Generate Index Observation Error for Projection Period
The statistical properties of the index observation error, conditioned on the observed real index as demonstrated above, are used to generate the index observation error for the projection years.
Although all these calculations occur internally, we demonstrate the code here, again for simplicity just showing a single simulation (sim 2).
We use the internal function generateRes
to generate the residuals with the specified autocorrelation and standard deviation (in log space):
MSEtool:::generateRes
## function(df, nsim, proyears, lst.err) {
## sd <- df$sd
## ac <- df$AC
## if (all(is.na(sd))) return(rep(NA, nsim))
## mu <- -0.5 * (sd)^2 * (1 - ac)/sqrt(1 - ac^2)
## Res <- matrix(rnorm(proyears*nsim, mu, sd), nrow=proyears, ncol=nsim, byrow=TRUE)
## # apply a pseudo AR1 autocorrelation
## Res <- sapply(1:nsim, applyAC, res=Res, ac=ac, max.years=proyears, lst.err=lst.err) # log-space
## exp(t(Res))
## }
## <bytecode: 0x000000002b7feb68>
## <environment: namespace:MSEtool>
Ierr_proj <- MSEtool:::generateRes(ind.prop, nsim=1, proyears=50,
lst.err=log(Hist@SampPars$Obs$Ierr[sim,OM@nyears]))

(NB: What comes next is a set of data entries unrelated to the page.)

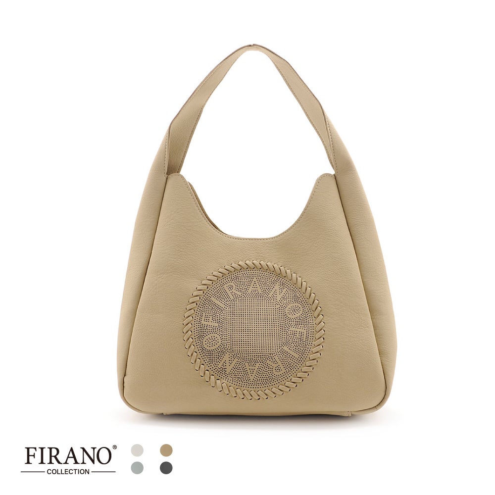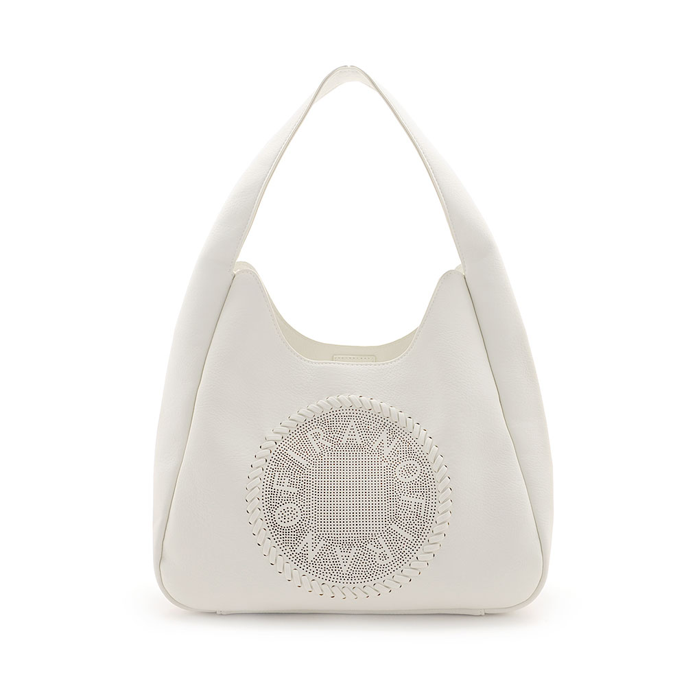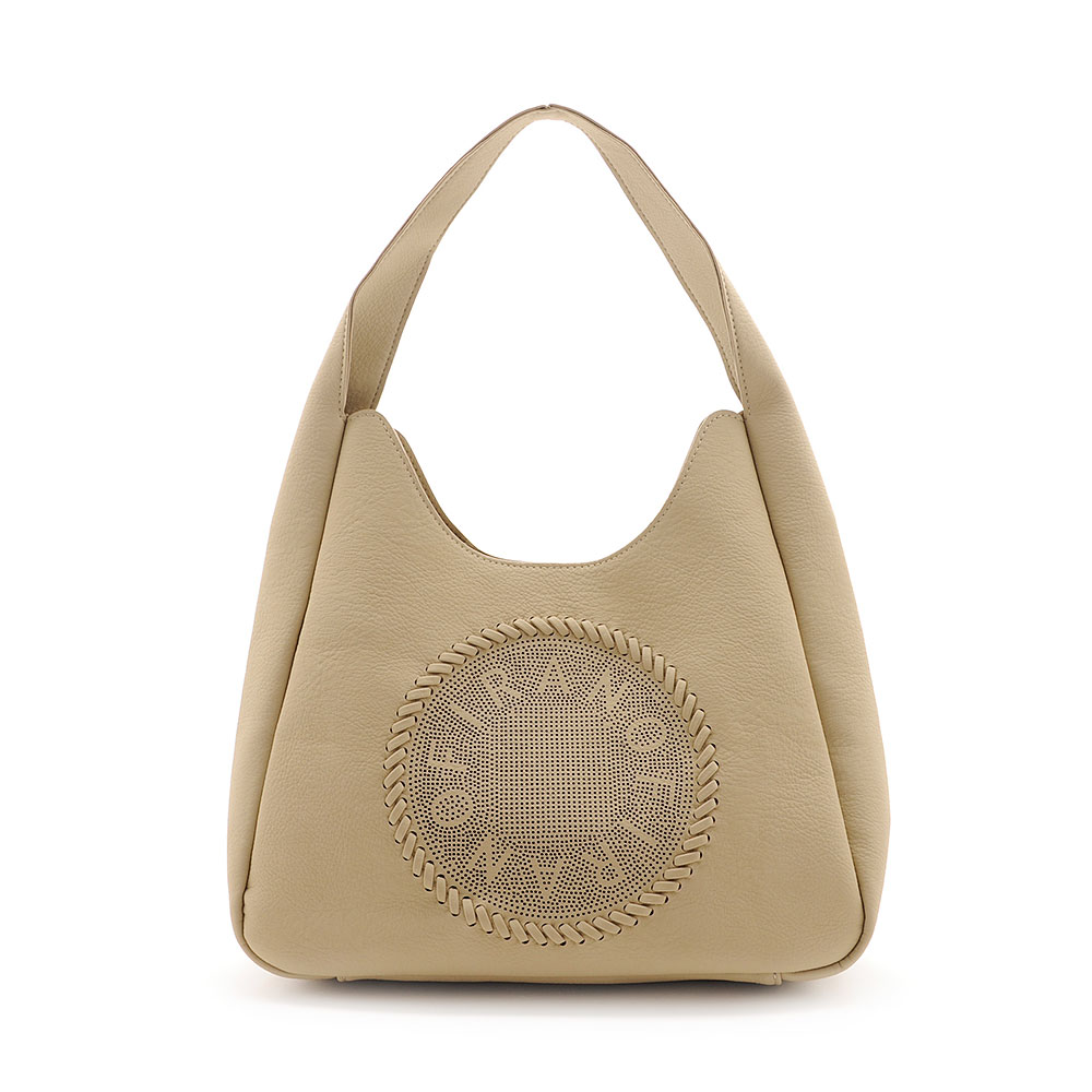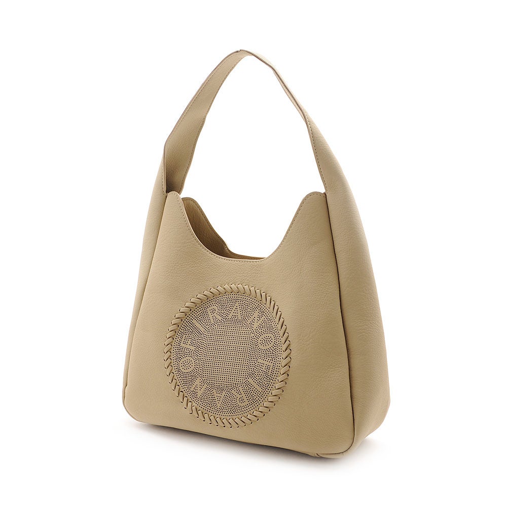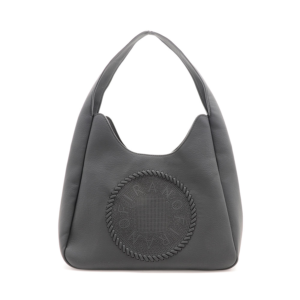 フロントに配したラウンドロゴが、モードな存在感を放つトートバッグ。
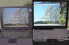 液晶画面は、プレゼンテーション時に水平展開や画面の方向転換も出来るそうなので、一応、やってみました。面白そうだけど、やはり液晶画面は視野角制限の問題があるし、_画面輝度が落ちているせいもあって_視認性もイマイチ。
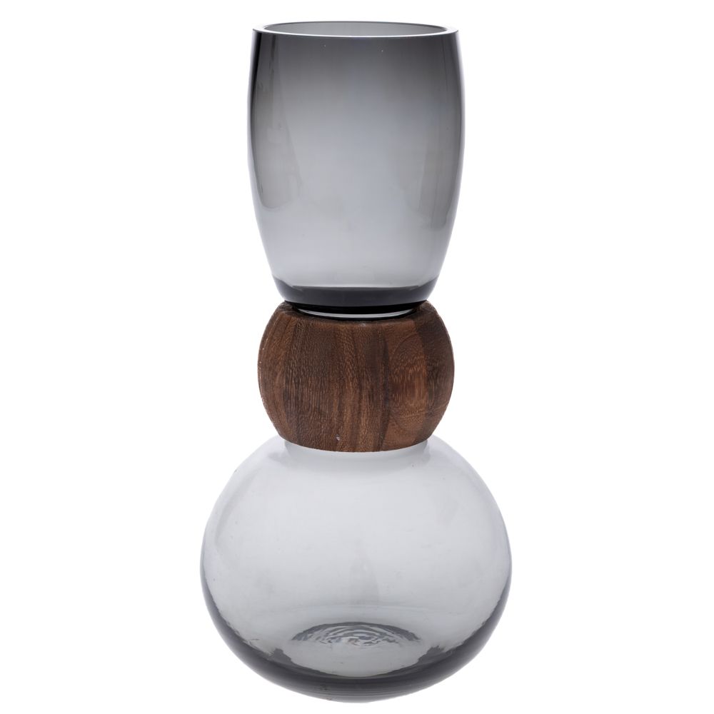 ΓΚΡΙ ΓΥΑΛΙΝΟ ΒΑΖΟ ΜΕ ΞΥΛΙΝΗ ΛΕΠΤΟΜΕΡΕΙΑ 16Χ33ΕΚ

We can demonstrate that the simulated observed catches in the projection period maintain the same statistical properties as the catch observation error calculated from the historical period.

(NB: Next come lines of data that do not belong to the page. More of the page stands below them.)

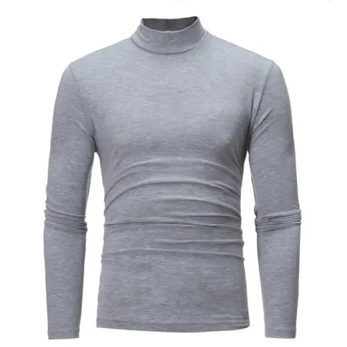 Мужской Повседневный пуловер с полувысоким воротником, базовая хлопковая Футболка стрейч с высоким воротником и длинными рукавами, Мужская футболка высокого качества
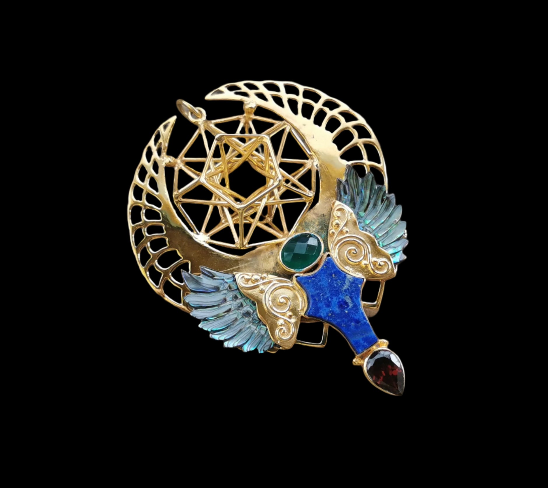 Ref.PD0985 - Gold plated on silver pendant with 5D Hyper Dodecahedron geometry, abalone shell carved wings, emerald, lapis lazuli, and garnet gemstones.
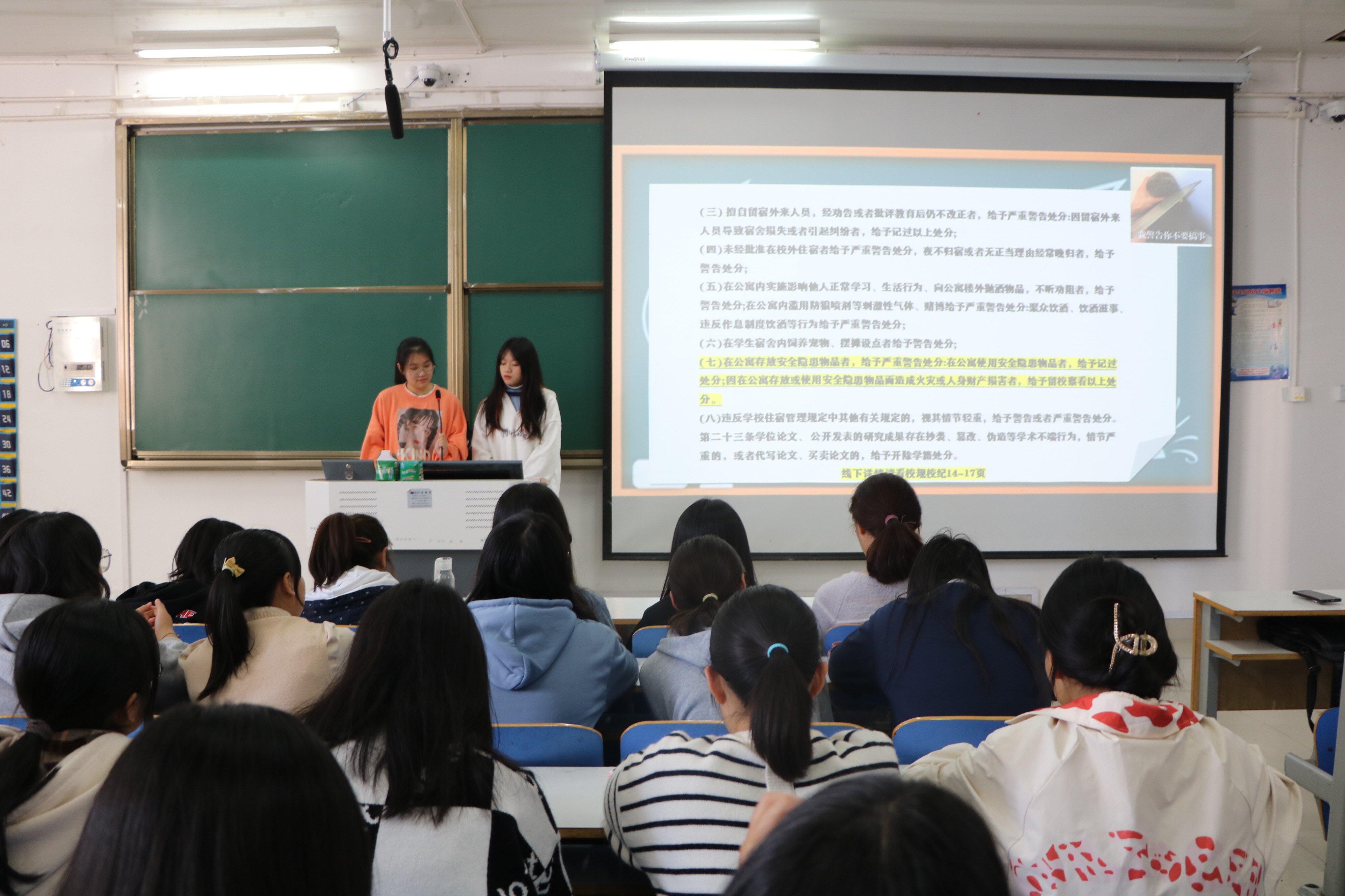 班会内容主要分为交通安全、活动安全、宿舍安全三个部分。首先,王子璇播放宿舍盗窃和宿舍火灾等相关视频,简要介绍了关于安全教育方面的知识,她强调,骑车时不可超载带人,步行时不可低头玩手机,在宿舍禁止使用大功率电器。罗倩结合现阶段宿舍存在的普遍问题,提醒每位新生要严格遵守校规校纪,同时为新生们创造安全、文明的宿舍环境提供了准确有效的建议。随后,王子璇和罗倩带领新生们学习《信阳师范学院学生违纪处分实施办法》相关条例,这对新生明确行为规范、养成良好习惯、培养优良作风有着重要作用。最后,她们提醒新生们要严格执行学校疫情防控管理规定,减少不必要的外出,在人群密集处要佩戴好口罩,做好自我防护。在同学们的积极参与和认真配合下,安全教育主题班会圆满结束。

First, simulate the projection period with an example reference MP:
MSE <- Project(Hist, MPs="FMSYref", silent=TRUE)
Then we plot the simulated ‘observed’ data (i.e., data passed internally to the MPs) and ‘real’ catches (provided in OM for historical period) (note the last projection year of ‘observed’ data is not available and is replaced with NAs):
library(ggplot2)
library(tidyr)
library(dplyr)
HistBiomass <- apply(Hist@TSdata$Biomass, 1:2, sum)
ProjBiomass <- MSE@B[,1,]
AllBiomass <- cbind(HistBiomass, ProjBiomass)
Simulated <- AllBiomass/apply(AllBiomass, 1, mean)
Observed <- cbind(MSE@PPD[[1]]@Ind, rep(NA, OM@nsim))
Observed <- Observed/apply(Observed, 1, mean, na.rm=TRUE)
DF <- data.frame(Sim=1:OM@nsim,
Year=rep(1:(OM@nyears+OM@proyears), each=OM@nsim),
Simulated=as.vector(Simulated),
Observed=as.vector(Observed)) %>%
tidyr::pivot_longer(cols=3:4)
ggplot(DF, aes(x=Year, y=value, color=name)) +
facet_wrap(~Sim, scales="free") +
geom_line(size=1.2) +
theme_classic() +
geom_vline(xintercept = OM@nyears, linetype=2) +
labs(y="Index", color="")
## Warning: Removed 1 row(s) containing missing values (geom_path).
These plots visually demonstrate that the statistical relationship between the simulated and observed index data in the historical period (years 1–50) is maintained in the projection period (years 51–100).